### EXERCISE OBJECTIVE
Go to the line below that contains "万泰注册会员管理系统在受到越". From there to the end of the records, reproduce each line exactly, except the pictures.

Dataset excerpts

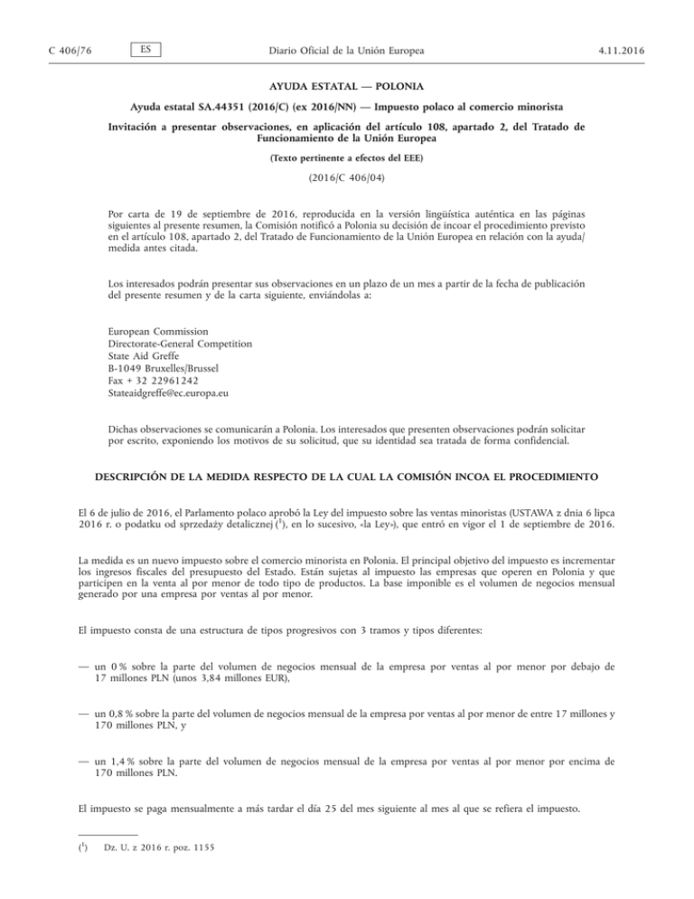 C 406/76 ES Diario Oficial de la Unión Europea 4.11.2016 AYUDA ESTATAL — POLONIA Ayuda estatal SA.44351 (2016/C) (ex 2016/NN) — Impuesto polaco al comercio minorista Invitación a presentar observaciones, en aplicación del artículo 108, apartado 2, del Tratado de Funcionamiento de la Unión Europea (Texto pertinente a efectos del EEE) (2016/C 406/04) Por carta de 19 de septiembre de 2016, reproducida en la versión lingüística auténtica en las páginas siguientes al presente resumen, la Comisión notificó a Polonia su decisión de incoar el procedimiento previsto en el artículo 108, apartado 2, del Tratado de Funcionamiento de la Unión Europea en relación con la ayuda/ medida antes citada. Los interesados podrán presentar sus observaciones en un plazo de un mes a partir de la fecha de publicación del presente resumen y de la carta siguiente, enviándolas a: European Commission Directorate-General Competition State Aid Greffe B-1049 Bruxelles/Brussel Fax + 32 22961242 [email protected] Dichas observaciones se comunicarán a Polonia. Los interesados que presenten observaciones podrán solicitar por escrito, exponiendo los motivos de su solicitud, que su identidad sea tratada de forma confidencial. DESCRIPCIÓN DE LA MEDIDA RESPECTO DE LA CUAL LA COMISIÓN INCOA EL PROCEDIMIENTO El 6 de julio de 2016, el Parlamento polaco aprobó la Ley del impuesto sobre las ventas minoristas (USTAWA z dnia 6 lipca 2016 r. o podatku od sprzedaży detalicznej (1), en lo sucesivo, «la Ley»), que entró en vigor el 1 de septiembre de 2016. La medida es un nuevo impuesto sobre el comercio minorista en Polonia. El principal objetivo del impuesto es incrementar los ingresos fiscales del presupuesto del Estado. Están sujetas al impuesto las empresas que operen en Polonia y que participen en la venta al por menor de todo tipo de productos. La base imponible es el volumen de negocios mensual generado por una empresa por ventas al por menor. El impuesto consta de una estructura de tipos progresivos con 3 tramos y tipos diferentes: — un 0 % sobre la parte del volumen de negocios mensual de la empresa por ventas al por menor por debajo de 17 millones PLN (unos 3,84 millones EUR), — un 0,8 % sobre la parte del volumen de negocios mensual de la empresa por ventas al por menor de entre 17 millones y 170 millones PLN, y — un 1,4 % sobre la parte del volumen de negocios mensual de la empresa por ventas al por menor por encima de 170 millones PLN. El impuesto se paga mensualmente a más tardar el día 25 del mes siguiente al mes al que se refiera el impuesto. (1) Dz. U. z 2016 r. poz. 1155 4.11.2016 ES Diario Oficial de la Unión Europea C 406/77 EVALUACIÓN DE LA MEDIDA Aunque un impuesto basado en el volumen de negocios, como tal, no plantea problemas en materia de ayuda estatal, la Comisión considera en esta fase que la progresividad de los tipos impositivos constituye ayuda estatal. La Comisión considera que los tipos impositivos progresivos establecen diferencias entre las empresas de ventas al por menor, que se encuentran en una situación fáctica y jurídica comparable respecto al objetivo del impuesto, sobre la base de su tamaño y su volumen de negocios, y concede una ventaja selectiva a las empresas con un volumen de negocios inferior. Las empresas con un volumen de negocios bajo tributan a un tipo medio sustancialmente más bajo que las empresas con un volumen de negocios alto, lo que alivia las cargas que las empresas con un volumen de negocios bajo deben soportar en comparación con las empresas con un volumen de negocios alto. Pueden justificarse impuestos progresivos sobre el volumen de negocios si el objetivo específico perseguido por el impuesto requiere tipos progresivos. No obstante, Polonia no ha demostrado que la progresividad de los tipos impositivos esté justificada por la lógica y la finalidad del impuesto, que consiste en recaudar fondos para el presupuesto general. Por tanto, la Comisión considera en esta fase que el carácter progresivo de los tipos impositivos constituye ayuda estatal, ya que todos los demás criterios para recibir esta calificación parecen cumplirse. Basándose en una evaluación preliminar, las medidas no parecen justificadas por la naturaleza o la estructura general del sistema ni compatibles con el mercado interior. Como el impuesto sobre las ventas minoristas, incluido su tipo progresivo, ha entrado recientemente en vigor y era aplicable en la fecha de la decisión, la Comisión considera necesario emitir un requerimiento de suspensión de conformidad con el artículo 13, apartado 1, del Reglamento (UE) 2015/1589 del Consejo (1). Un requerimiento de suspensión constituye una medida provisional que la Comisión puede adoptar y en la que pide a un Estado miembro que suspenda toda concesión de ayuda ilegal a la espera de una decisión final de la Comisión. (1) Véase el Reglamento (UE) 2015/1589 del Consejo, de 13 de julio de 2015, por el que se establecen normas detalladas para la aplicación del artículo 108 del Tratado de Funcionamiento de la Unión Europea (DO L 248 de 24.9.2015, p. 19). C 406/78 ES Diario Oficial de la Unión Europea 4.11.2016 TEXTO DE LA CARTA 1. PROCEDURA (1) Z informacji prasowych opublikowanych w lutym 2016 r. Komisja dowiedziała się, że Polska rozważa przyjęcie ustawy wprowadzającej podatek obrotowy od sprzedaży detalicznej obejmujący progresywne stawki podatku. (2) W dniach 11 lutego i 30 maja 2016 r. służby Komisji wystosowały do władz polskich dwa pisma, w których zwróciły się o więcej informacji na temat planowanej ustawy i wezwały władze polskie do skonsultowania się ze służbami Komisji przed jej przyjęciem. Służby Komisji podkreśliły podobieństwa między planowaną ustawą a węgierską opłatą z tytułu kontroli łańcucha żywnościowego i zwróciły uwagę władz polskich na przeprowadzoną przez Komisję wstępną ocenę pomocy państwa w związku z tą opłatą (1). Służby 
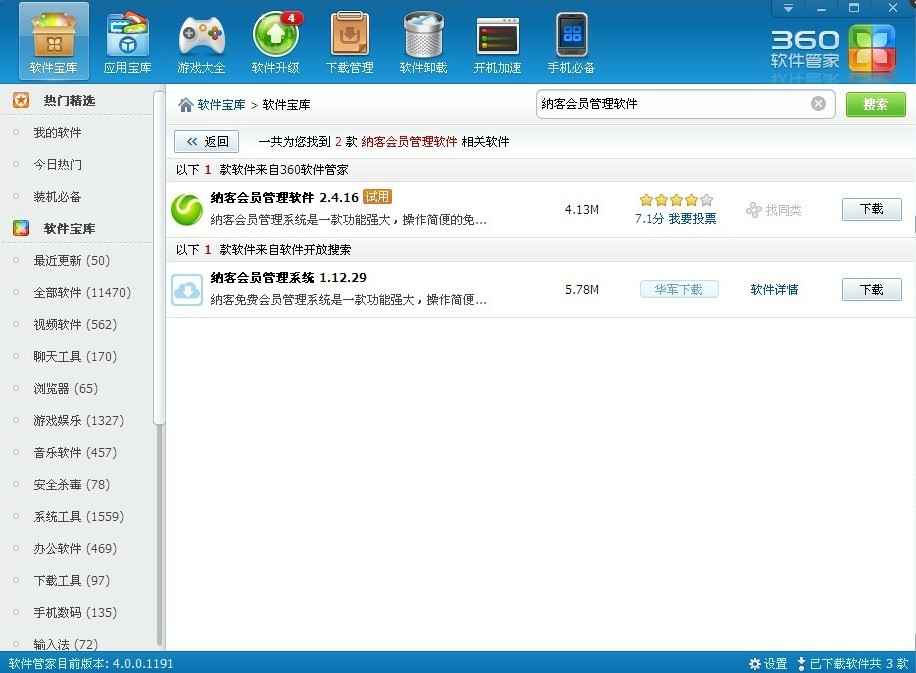 万泰注册会员管理系统在受到越来越多的客户认可的时候,咱们会员管理软件也扩展了多种不同的下载方式,除了在我们万泰注册会员管理系统的官网上下载,各种软件园的下载之外,现在360软件管也收录了咱们万泰注册会员管理软件,大可以在每日给电脑体检,清理电脑垃圾的时候来顺便看看咱们万泰注册会员管理系统的一新动态。
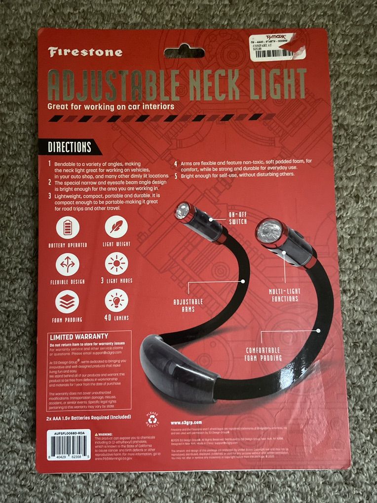 Firestone Adjustable Neck Light. New in packaging. Details on packaging. Must pick up. Cash or Venmo
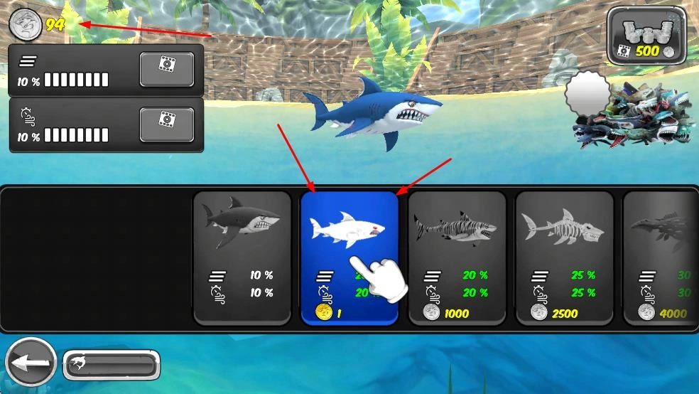 3、使用金币解锁各类鲨鱼,不同鲨鱼具备各异的攻击属性,能够增强破坏能力。
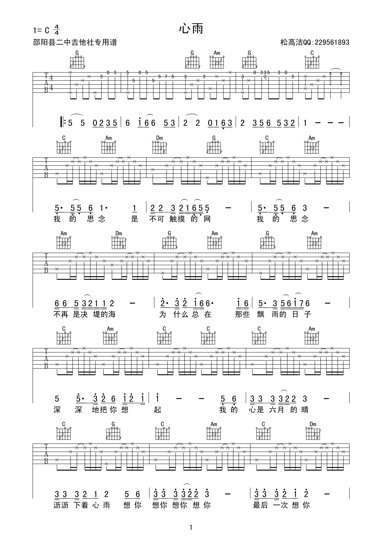 - [歌谱,吉他谱] 心雨
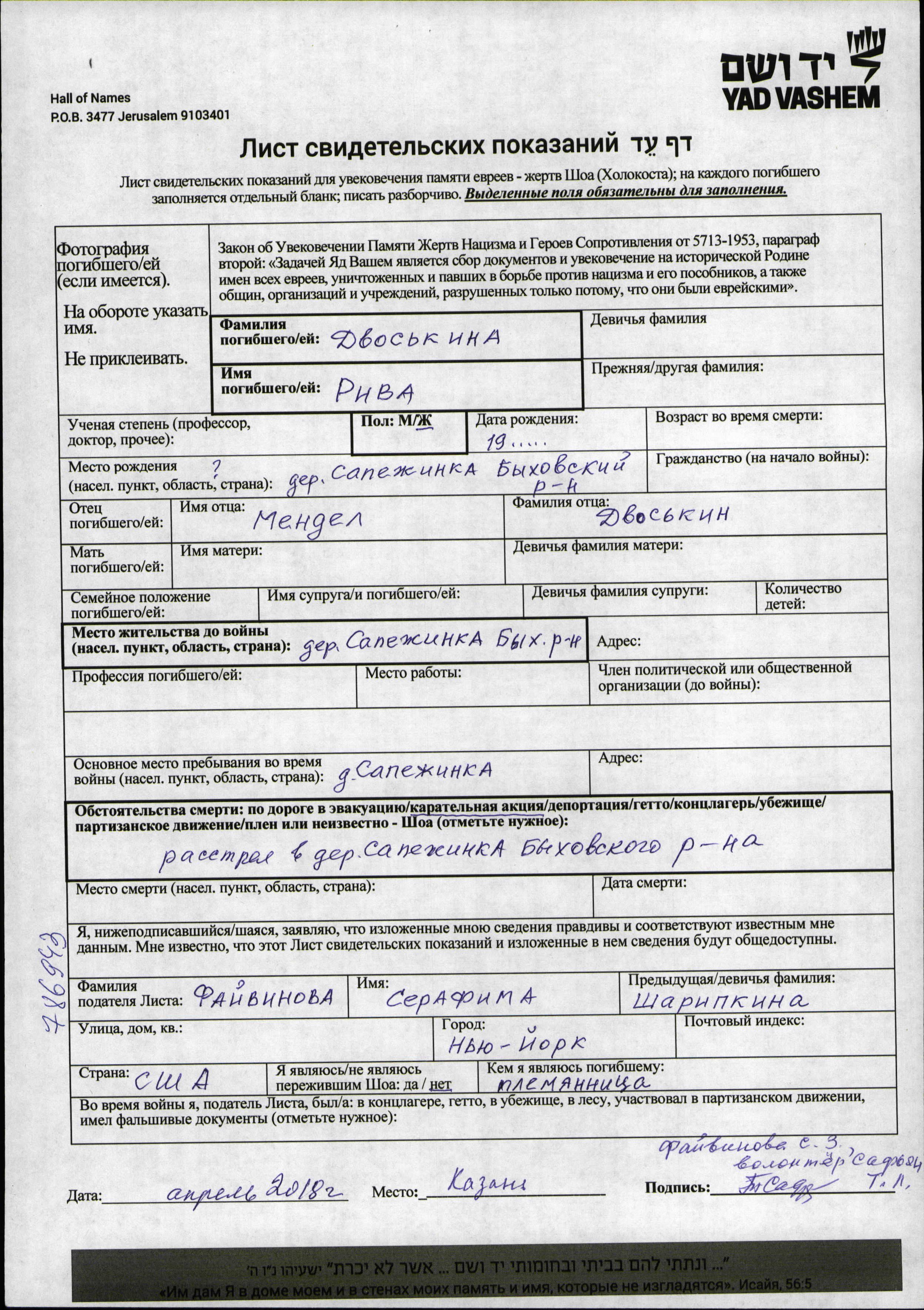 Riva Dvoskina was born in Sapezhinka, Belorussia (USSR) to Mendel. Prior to WWII she lived in Sapezhinka, Belorussia (USSR). During the war she was in Sapezhinka, Belorussia (USSR). Riva was murdered in the Shoah. Place of death: Sapezhinka, Belorussia (USSR).
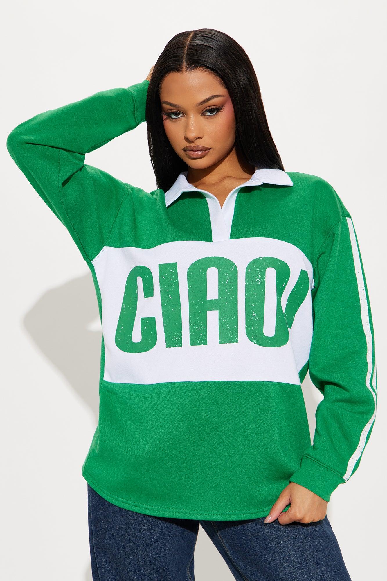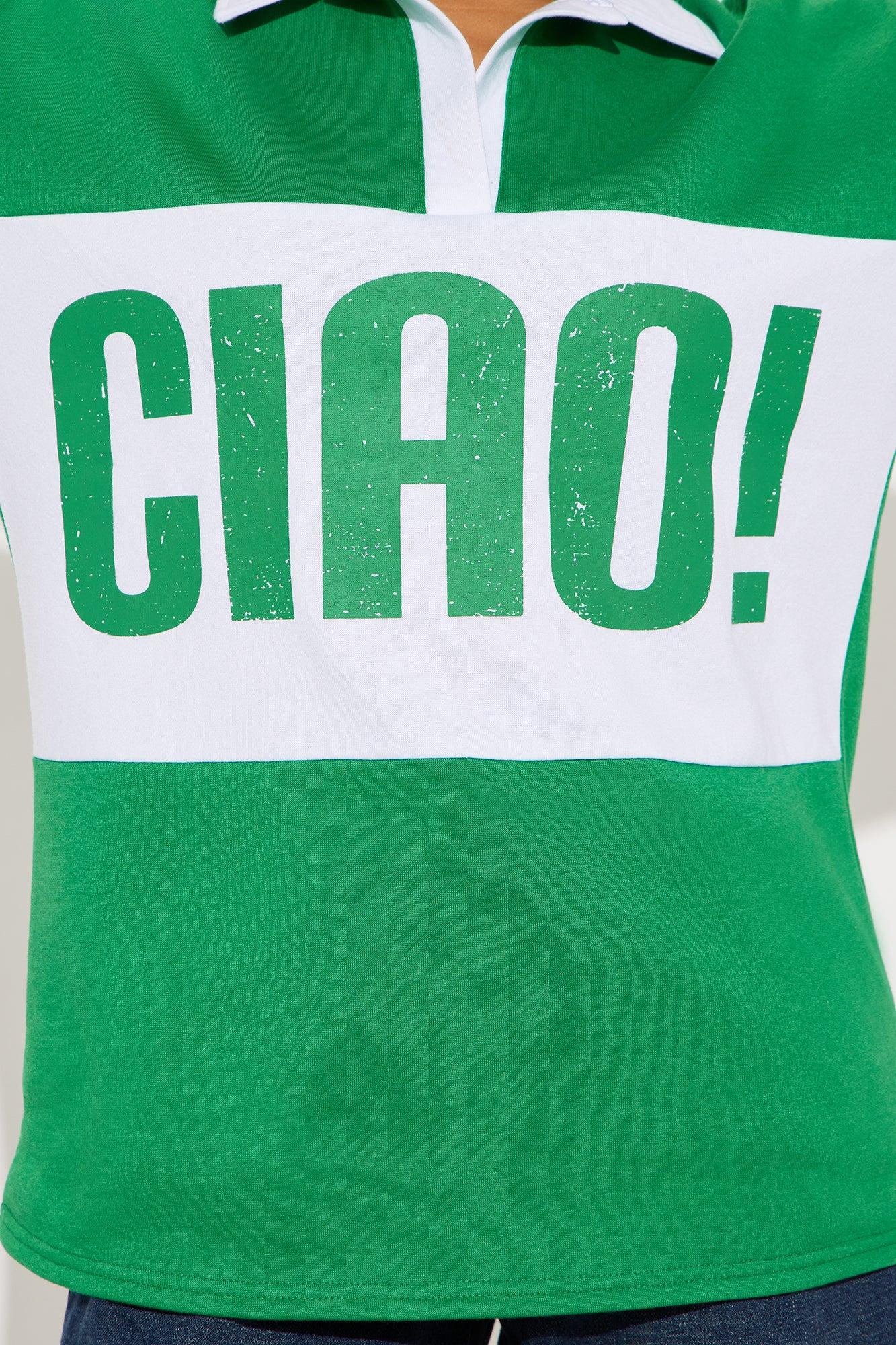Available In Green/combo. Pull Over Polo Stretch "Ciao" Graphic Disclaimer: Due To The Printing Process A Difference In Saturation May Occur. Each Garment Is Unique. Body: 65% Polyester 35% Cotton Rib: 60% Polyester 35% Cotton 5% Spandex Imported

### ANSWER TO THIS PROBLEM
 万泰注册会员管理系统在受到越来越多的客户认可的时候,咱们会员管理软件也扩展了多种不同的下载方式,除了在我们万泰注册会员管理系统的官网上下载,各种软件园的下载之外,现在360软件管也收录了咱们万泰注册会员管理软件,大可以在每日给电脑体检,清理电脑垃圾的时候来顺便看看咱们万泰注册会员管理系统的一新动态。
 Firestone Adjustable Neck Light. New in packaging. Details on packaging. Must pick up. Cash or Venmo
 3、使用金币解锁各类鲨鱼,不同鲨鱼具备各异的攻击属性,能够增强破坏能力。
 - [歌谱,吉他谱] 心雨
 Riva Dvoskina was born in Sapezhinka, Belorussia (USSR) to Mendel. Prior to WWII she lived in Sapezhinka, Belorussia (USSR). During the war she was in Sapezhinka, Belorussia (USSR). Riva was murdered in the Shoah. Place of death: Sapezhinka, Belorussia (USSR).
Available In Green/combo. Pull Over Polo Stretch "Ciao" Graphic Disclaimer: Due To The Printing Process A Difference In Saturation May Occur. Each Garment Is Unique. Body: 65% Polyester 35% Cotton Rib: 60% Polyester 35% Cotton 5% Spandex Imported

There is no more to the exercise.